#### YOUR ASSIGNMENT
If an entry holds a picture, leave that picture out and reproduce everything else exactly.

#### EXERCISE DATA
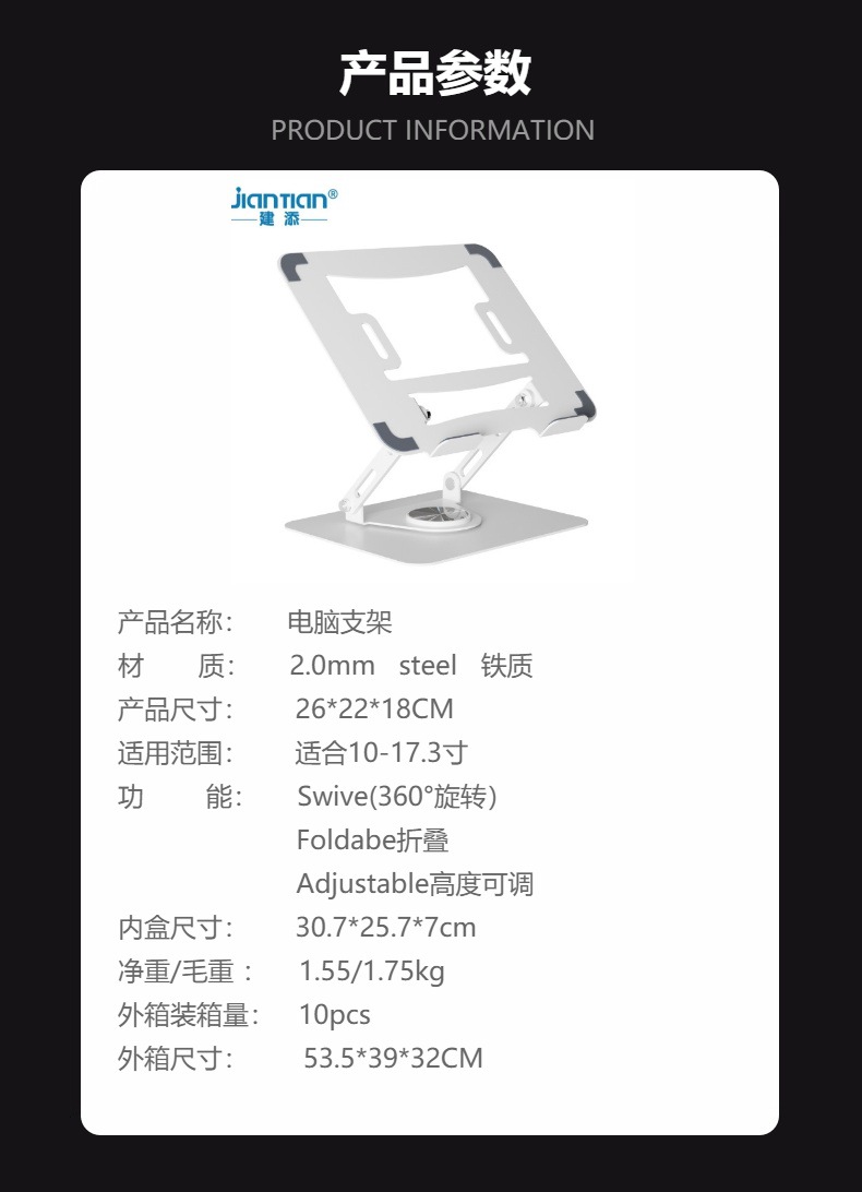 外箱装箱量:  10pcs 功能: Swive(360°旋转)   Foldabe折叠 Adjustable高度可调
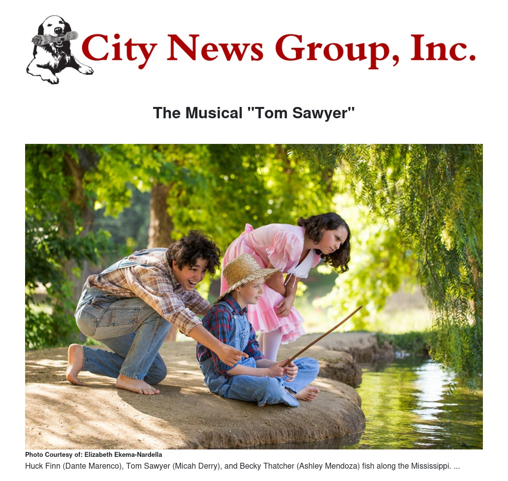 “Tom Sawyer” features Micah Derry in the title role. The colorful cast of characters also includes Dante Marenco as Tom’s cohort Huck Finn, Daryon Robinson as Jim, Paul Zanone as the villainous Injun Joe, Michael Daehne as the befuddled Muff Potter, Ashley Mendoza as Tom’s crush Becky Thatcher, and Sarah Pearce as Aunt Polly. Also featured are Lilly Spencer as Mary, Christian Groza as Sidney, Scott Dieninger as Judge Thatcher, Liam Blanck as Ben Rodgers, Zachary Michel as Jeff Thatcher, Karisa Harriman as Widow Douglas, Leilani Baldwin as Amy Lawrence, and Tom Williams as Mark Twain.
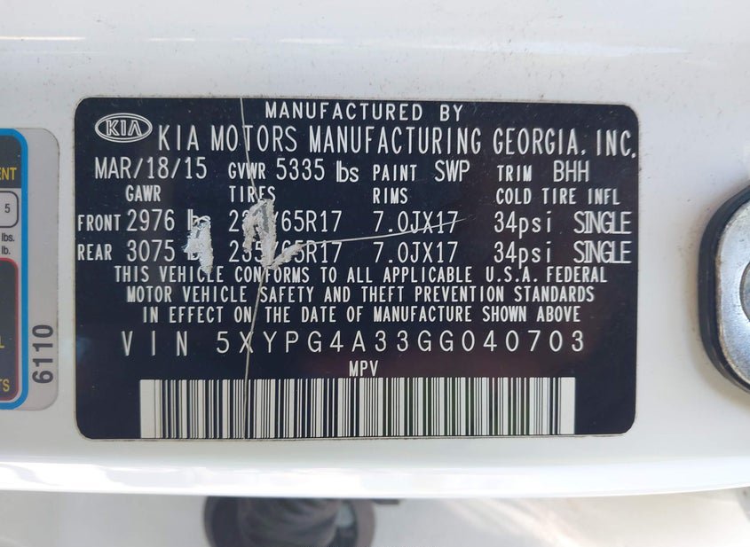 VIN: 5XYPG4A33GG040703 · BALTIMORE, MD, 21226 · MD CLEAR
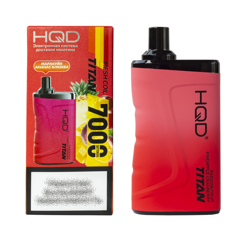 HQD видыTitan (Титан) HQD вкусыМаракуйя Ананас Клюква HQD количество в блоке5 шт
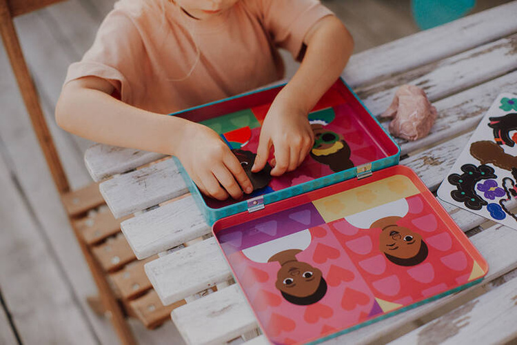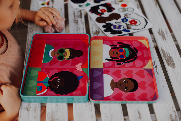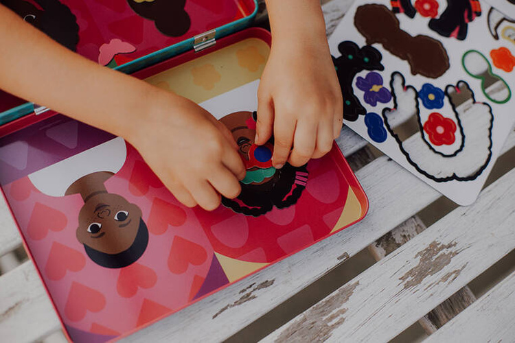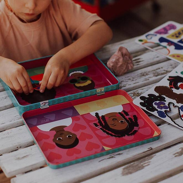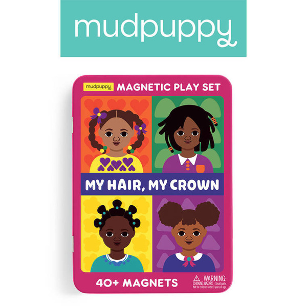 Zestaw magnesów do tworzenia postaci Moje włosy, moja korona amerykańskiej marki MUDPUPPY to wyjątkowo kreatywna zabawka dla dzieci od 4. roku życia. Na dwóch magnetycznych tłach, które są jednocześnie wewnętrzną stroną okładki, znajdują się cztery postacie-popiersia, którym można dobierać kolorowe stroje i niebanalne fryzury, np. afro, dredy czy warkoczyki. Można na nich umieszczać wybrane magnesy (ponad 40 elementów) – oprócz wspomnianych są to także ozdoby do włosów czy okulary przeciwsłoneczne – tworząc wiele różnych stylizacji. Autorką ilustracji jest amerykańska artystka Tabitha Brown, fascynatka kolorów i ludzi. Zabawka ma poręczny format, sprawdza się w domu i w podróży. Zapakowana jest w estetyczne, metalowe pudełko. Doskonale nadaje się na prezent.

#### RESULT BELOW
 外箱装箱量:  10pcs 功能: Swive(360°旋转)   Foldabe折叠 Adjustable高度可调
 “Tom Sawyer” features Micah Derry in the title role. The colorful cast of characters also includes Dante Marenco as Tom’s cohort Huck Finn, Daryon Robinson as Jim, Paul Zanone as the villainous Injun Joe, Michael Daehne as the befuddled Muff Potter, Ashley Mendoza as Tom’s crush Becky Thatcher, and Sarah Pearce as Aunt Polly. Also featured are Lilly Spencer as Mary, Christian Groza as Sidney, Scott Dieninger as Judge Thatcher, Liam Blanck as Ben Rodgers, Zachary Michel as Jeff Thatcher, Karisa Harriman as Widow Douglas, Leilani Baldwin as Amy Lawrence, and Tom Williams as Mark Twain.
 VIN: 5XYPG4A33GG040703 · BALTIMORE, MD, 21226 · MD CLEAR
 HQD видыTitan (Титан) HQD вкусыМаракуйя Ананас Клюква HQD количество в блоке5 шт
 Zestaw magnesów do tworzenia postaci Moje włosy, moja korona amerykańskiej marki MUDPUPPY to wyjątkowo kreatywna zabawka dla dzieci od 4. roku życia. Na dwóch magnetycznych tłach, które są jednocześnie wewnętrzną stroną okładki, znajdują się cztery postacie-popiersia, którym można dobierać kolorowe stroje i niebanalne fryzury, np. afro, dredy czy warkoczyki. Można na nich umieszczać wybrane magnesy (ponad 40 elementów) – oprócz wspomnianych są to także ozdoby do włosów czy okulary przeciwsłoneczne – tworząc wiele różnych stylizacji. Autorką ilustracji jest amerykańska artystka Tabitha Brown, fascynatka kolorów i ludzi. Zabawka ma poręczny format, sprawdza się w domu i w podróży. Zapakowana jest w estetyczne, metalowe pudełko. Doskonale nadaje się na prezent.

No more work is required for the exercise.